Today has been one of those days for Landen. He's battling allergies so he spends a lot of the night coughing. Then was really "tired" this morning and didn't want to go to school. But we got through it, got to school in a good mood AND on time (BONUS!!!) I get a phone call at about 3pm today saying that Landen got into an argument with another student in his class. He got angry and left. *First thought was PHEW! Glad he didn't hit them! Well after he left, he ran around the building (inside) 10 times (according to him) and he ended up on the playground. The resource teacher was with him, thank goodness! They talked, he came back in and finished the day on a good note. We talked about what happened, as much as he would talk to me about it and I got the rest of the information from the teacher about what happened.
He was "moody" when I picked him up and continued that pattern all night. There was a neighborhood game of touch football going on and everyone was playing well together until Landen is screaming and crying and destroying the house. Someone stripped the ball from him. He had a horrible meltdown. So in order to distract him from them still outside playing, I asked him if he wanted to go get ice cream. He said yes so we left to go to Burger King. While we are in the drive through he starts crying again and saying that he's not good at sports. Then it turned into that he's not good at anything and he's dumb and stupid.
It hurts more than I can ever express to hear my child call himself dumb and not be able to "fix it" immediately. There is nothing more heartbreaking than seeing your child in so much pain and not being able to do anything about it.
We had ice cream and he sat on the porch and watched the guys finish playing.

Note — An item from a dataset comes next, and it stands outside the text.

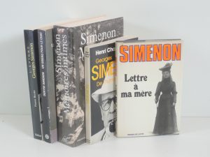 FENTON BRESLER, L'ENIGME GEORGES SIMENON, DENYSE SIMENON, UN OISEAU POUR UN CHAT 1978, SIMENON, MEMOIRES INTIMES SUIVIS DU LIVRE DE MARIE -JO 1989, HENRI CHARLES TAUXE, GEORGES SIMENON, DE L'HUMAIN AU VIDE 1983, SIMENON, LETTRE A MA MERE 1974.

When he came inside, he apologized for throwing things. He's asleep now and I hope has a good night of sleep. I love him dearly and I made sure that I told him that he is great at a lot of things. He's good at making people laugh and he's great at  Math. He is a great kid. If he only realized that..

Friday, August 24, 2012

A blip on the radar

On Wednesday, 7 days into the school year, I got the first dreaded phone call from school. (Insert sigh here). The teacher leader proceeds to tell me what was going on. Landen has a lunch box that has an attached water bottle (wonderful for getting him to drink water!). Well apparently the lid came open and it spilled all over his lunch box. None of his food got wet but it was enough to completely shut down his world. He refused to eat his lunch (which, honestly, isn't uncommon) and when going back to his class, he "collapsed" in the hallway. I have this in quotes because he did it on purpose. He had been laying in the middle of the 3rd grade floor for about 45 minutes when they called me.
This was different than all the other times he had shut down at school. This time he wasn't violent. He wasn't physical, loud or destroying things! He was just laying there. He was responsive to their questions and being polite. He just didn't want to go back to class.
That may not sound good to you but that is HUGE in my world. He had a non-violent meltdown!!! I LOVE it!!! That is the best news I've heard in a while. Although, I'd much rather not have the dreaded call from school BUT if it had to be anything, I'd choose this.
It was an unforeseen issue that happened..A bump in the road, a blip on the radar but we survived. We decided that the best thing to do is tell him that the resource officer (police officer) would be coming to help him if he didn't get up himself. The staff at the school is not allowed by law to touch him unless he becomes a danger to himself or others (frustrating for me because I'm fine if they want to move my son). So as soon as they told him that he was going to be visited by the officer, he changed his mind and went back to class.
That ended that. It could've been worse. I'm glad it wasn't..I'm glad that was it. Now, on to the next challenge of the day!

Sunday, August 19, 2012

Simplicity

I got to witness the true meaning of happiness in life tonight. This picture was taken at our city's children's museum Autism Night. The children's museum is not usually someplace that we go because of the noise and crowd factor. But tonight, it was all awesome kids like my own. Its wasn't too busy at all. Landen was completely enthralled with the "water bubble" and spent countless minutes trying to figure it out. Then he found a toy in the water that captivated him. This picture is what childhood bliss looks like in our world. He tuned out everything around him and played in the water with that penguin for at least 20 minutes, if not longer. I sat back on a bench and watched him play. He was so happy and carefree. That is not a side of Landen that I get to see very often. As I sat then and watched him, I just smiled. That is what life is all about. Taking time to enjoy the little things..Enjoying them with your children. Taking time to stop and look at water bubbles. Trying to figure out how it works.
I was entranced by watching him play. That is another thing, he doesn't do much playing like that on his own, ever. So to see that was amazing. It's times like these that make me completely thankful for my life.
I love him. I love that he can teach me such beautiful things like simplicity and happiness.
I never knew that a tub full of water, a water bubble and  a plastic penguin could make someone so happy. This was one lesson that I was extremely grateful to learn.

Name Change

So yeah, I 'm a few months behind on noting this one..But obviously, I changed the name of my blog..Although Beautiful Bipolar Nightmare flows so much better, I didn't want to leave the Asperger's out of it as it seems to have "taken over" for now. So I decided to give it  its due and put it in the Title. When people come to my blog I want them to know what I am talking about (not that I get people visiting my blog very often but one can be hopeful).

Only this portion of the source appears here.